Recorded data
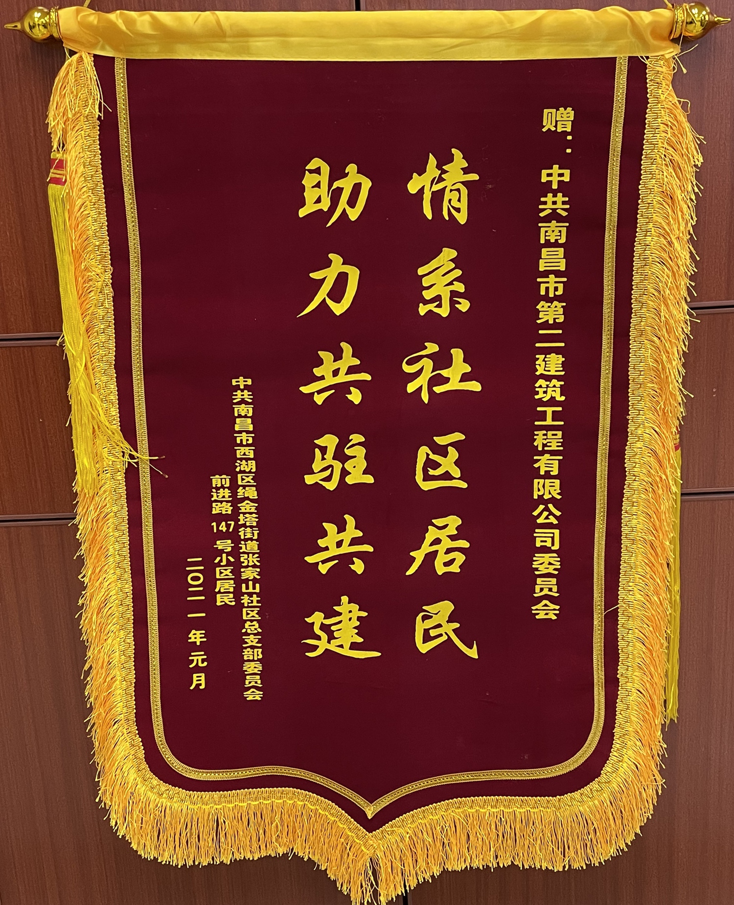 3月9日下午,南昌市西湖區(qū)張家山社區(qū)干部群眾一行來(lái)到南昌市第二建筑工程有限公司,代表社區(qū)黨總支部和20多戶(hù)社區(qū)居民向公司黨委書(shū)記、董事長(zhǎng)王彥送上“情系社區(qū)居民,助力共駐共建”錦旗,并再三表示感謝,言語(yǔ)之間,情意切切。
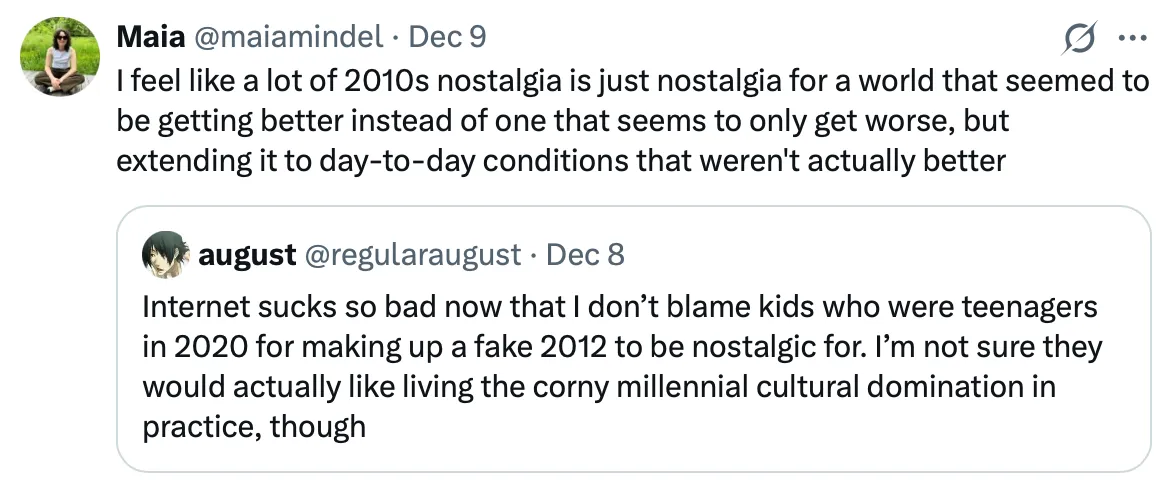 虽然2000年代和2010年代存在许多问题(真的很多!),但人们的情绪并没有彻底崩塌。如今,TikTok 上甚至出现了一种怀旧风潮(nostalgiacore),青少年们虚构了一个“2012 年”的美好幻想——他们憧憬着无限围巾、第三波精品咖啡馆,以及那个 Instagram 还只是用来分享田野里的雏菊照片的时代,而不是如今这个充满超竞争性算法厮杀的战场。
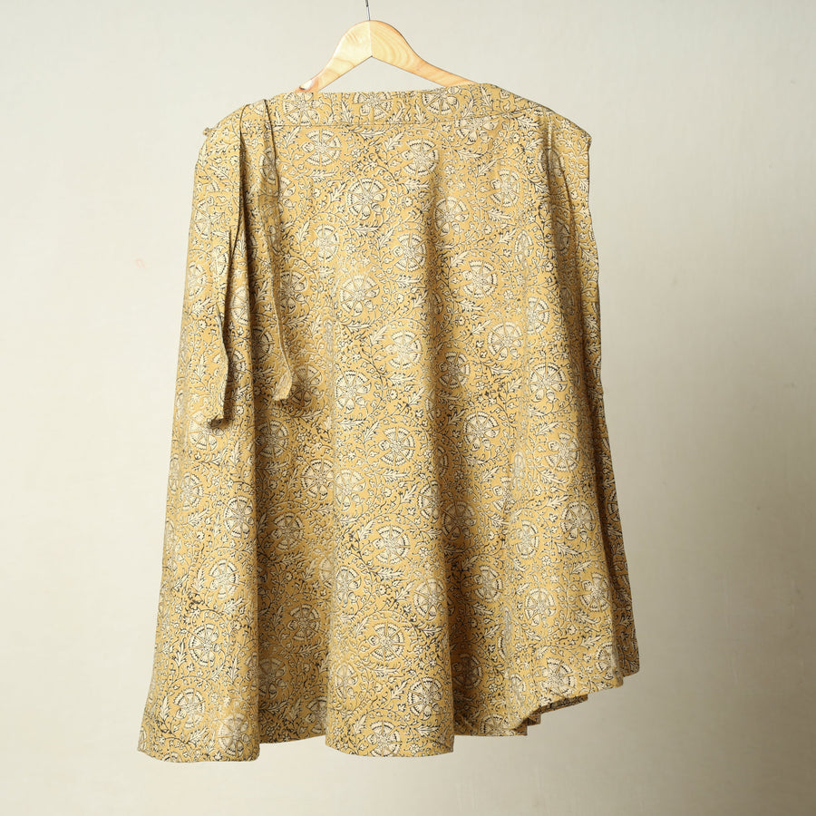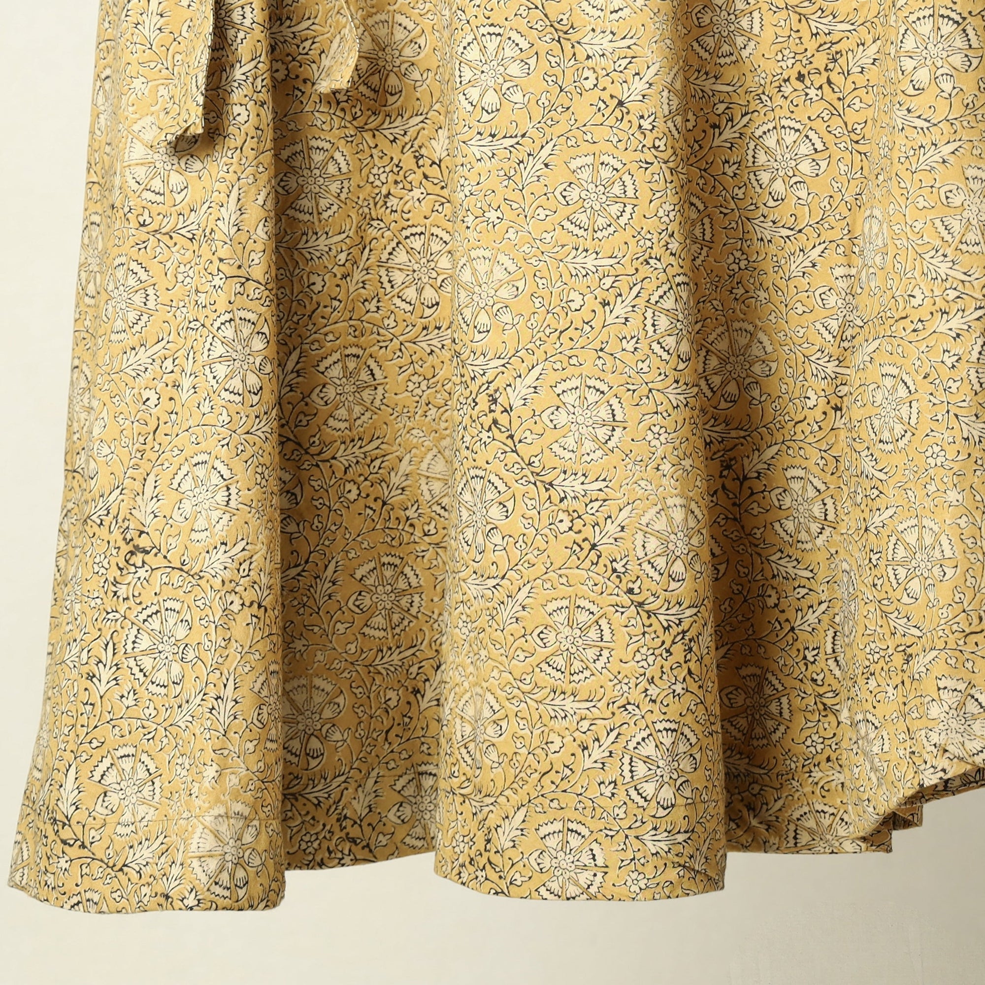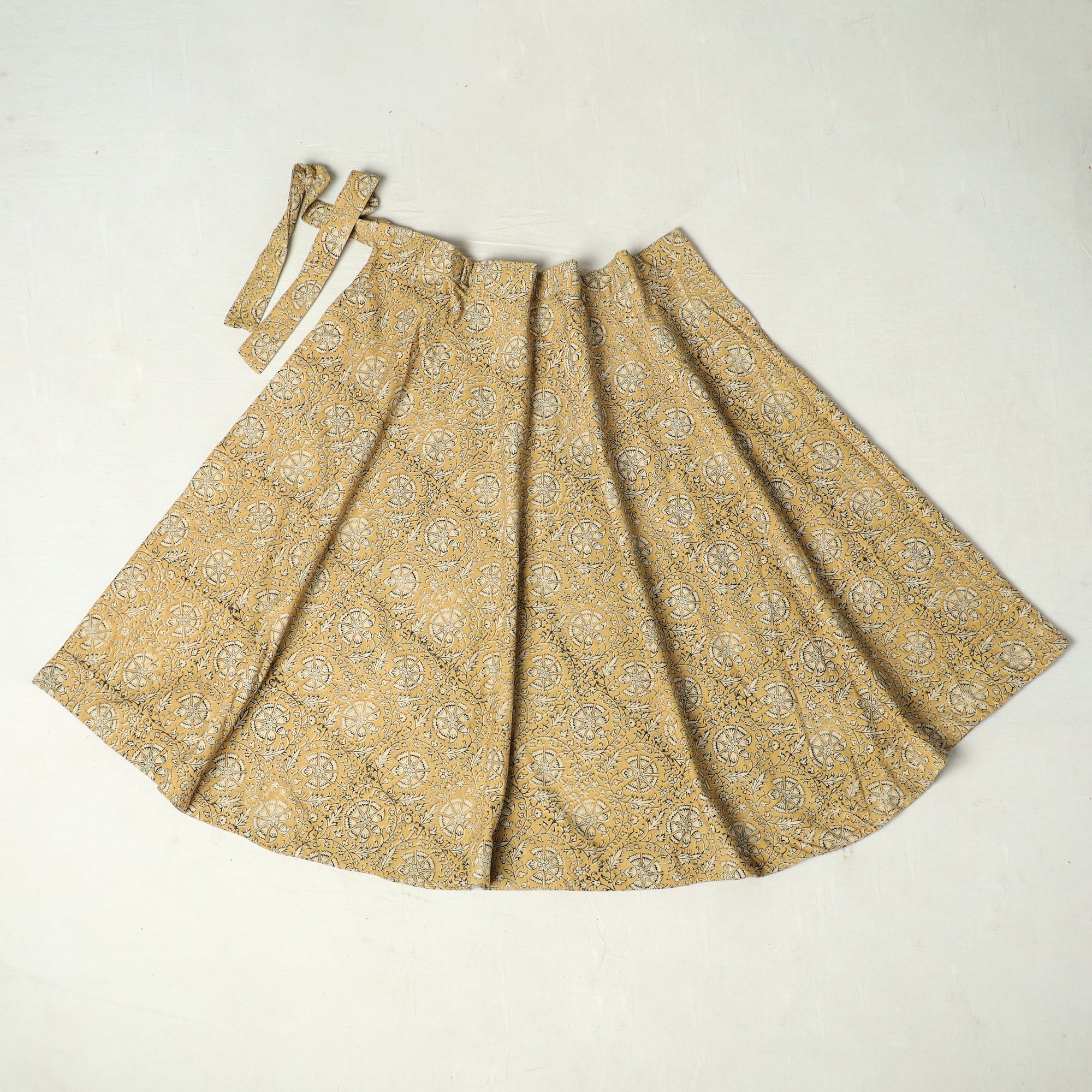 Yellow - Kalamkari Block Printed Cotton Wrap Around Skirt

Activity
Pictures stay out; everything else in the listing above gets restated word for word.

Result
 3月9日下午,南昌市西湖區(qū)張家山社區(qū)干部群眾一行來(lái)到南昌市第二建筑工程有限公司,代表社區(qū)黨總支部和20多戶(hù)社區(qū)居民向公司黨委書(shū)記、董事長(zhǎng)王彥送上“情系社區(qū)居民,助力共駐共建”錦旗,并再三表示感謝,言語(yǔ)之間,情意切切。
 虽然2000年代和2010年代存在许多问题(真的很多!),但人们的情绪并没有彻底崩塌。如今,TikTok 上甚至出现了一种怀旧风潮(nostalgiacore),青少年们虚构了一个“2012 年”的美好幻想——他们憧憬着无限围巾、第三波精品咖啡馆,以及那个 Instagram 还只是用来分享田野里的雏菊照片的时代,而不是如今这个充满超竞争性算法厮杀的战场。
 Yellow - Kalamkari Block Printed Cotton Wrap Around Skirt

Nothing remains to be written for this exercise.